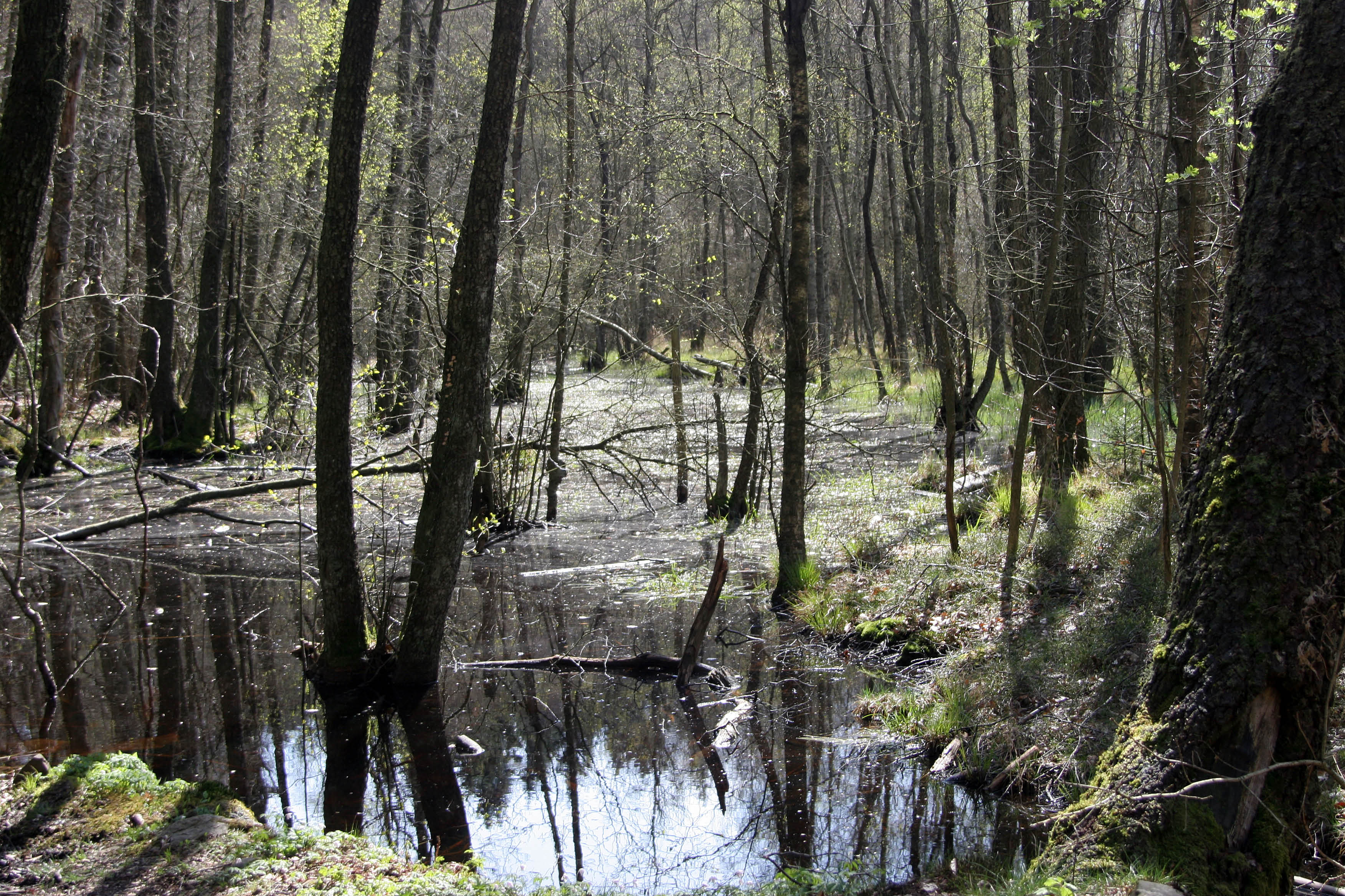 Wetlands in Klåveröd recreational area in Scania, Sweden.
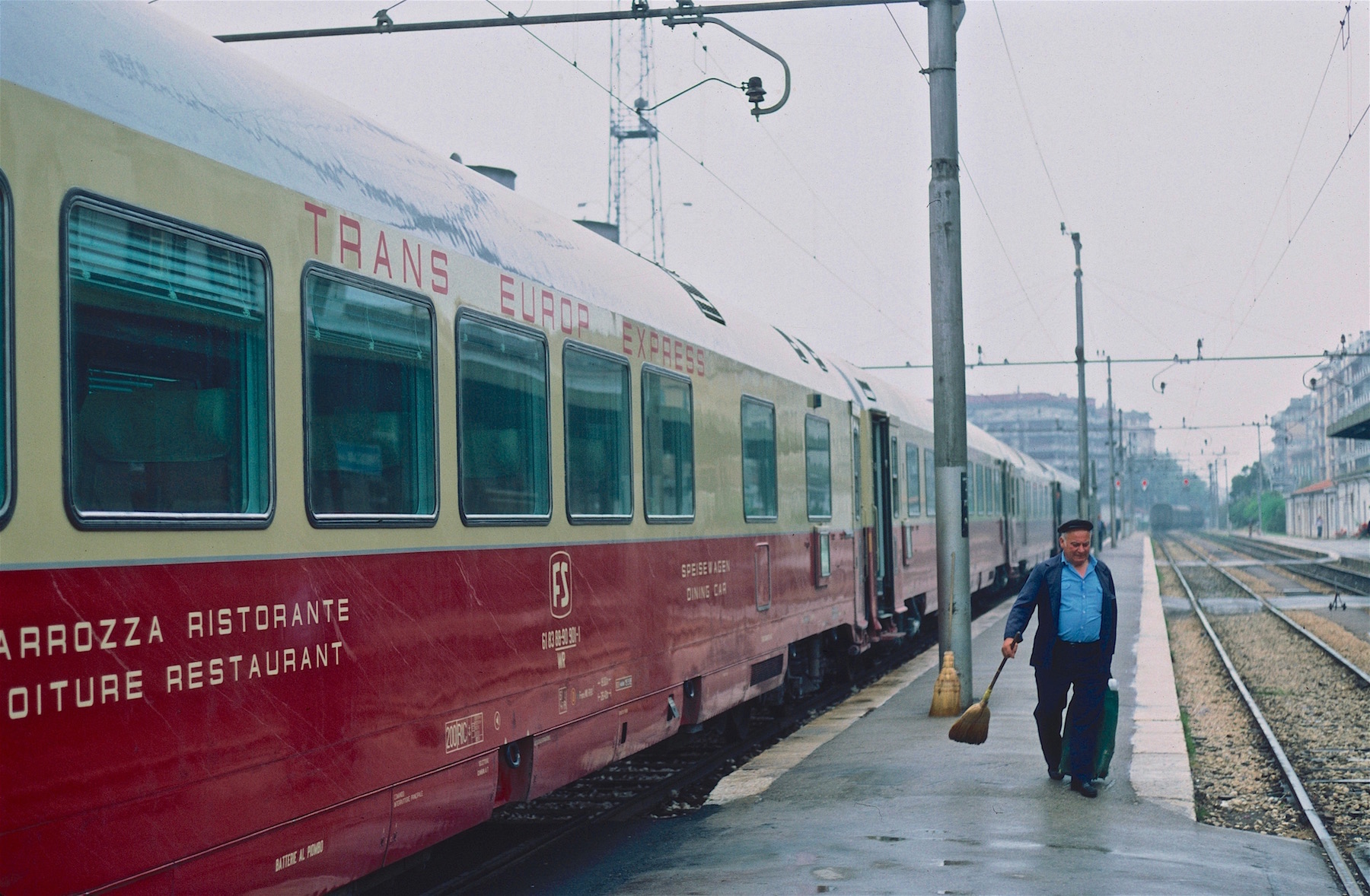 The TEE Adriatico at Pescara station in 1985
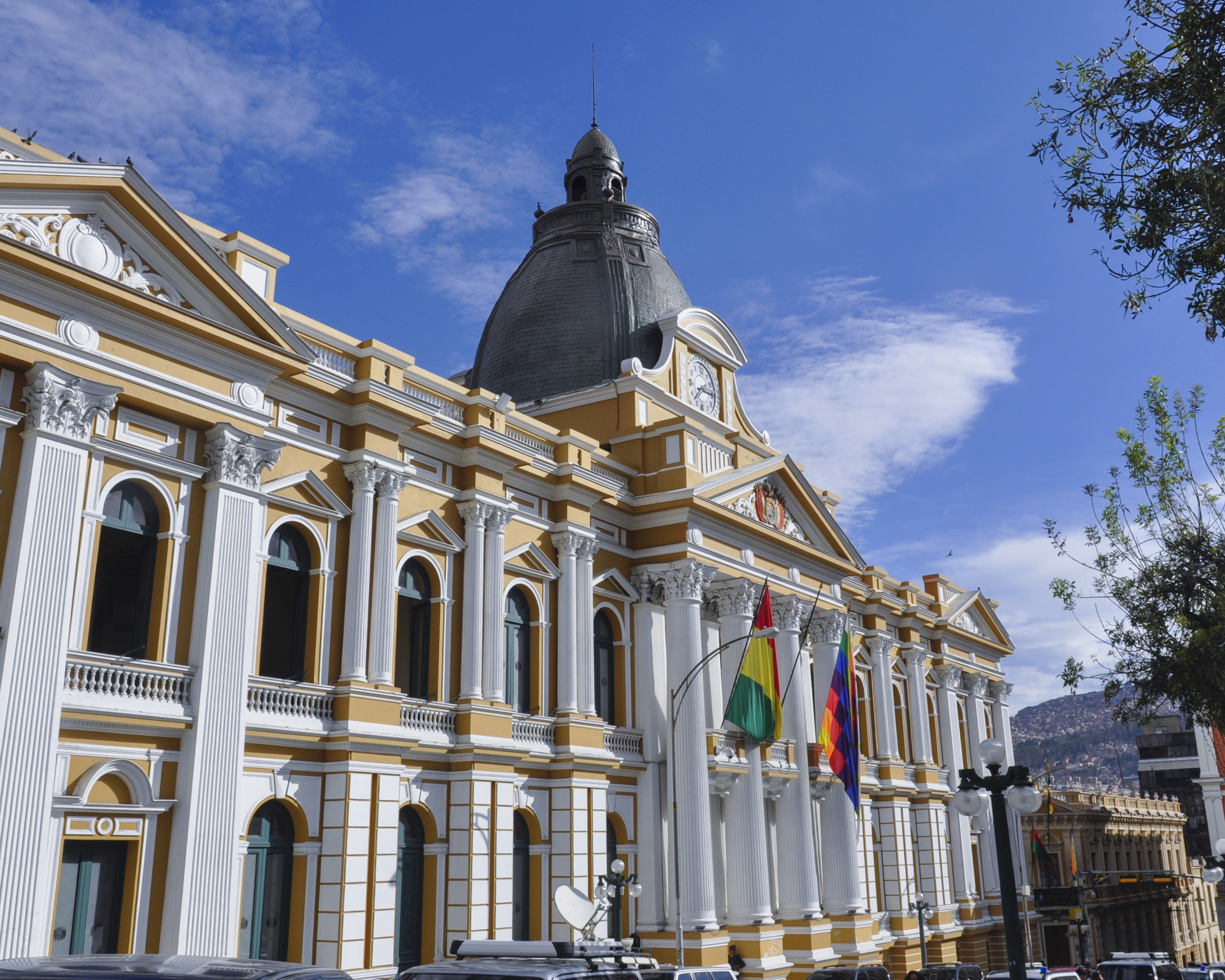 Side view of the palace of the legislative assembly in La Paz, Bolivia.

Description of the task
Print the whole listing above exactly, and keep every picture out of the copy.

Exercise response
 Wetlands in Klåveröd recreational area in Scania, Sweden.
 The TEE Adriatico at Pescara station in 1985
 Side view of the palace of the legislative assembly in La Paz, Bolivia.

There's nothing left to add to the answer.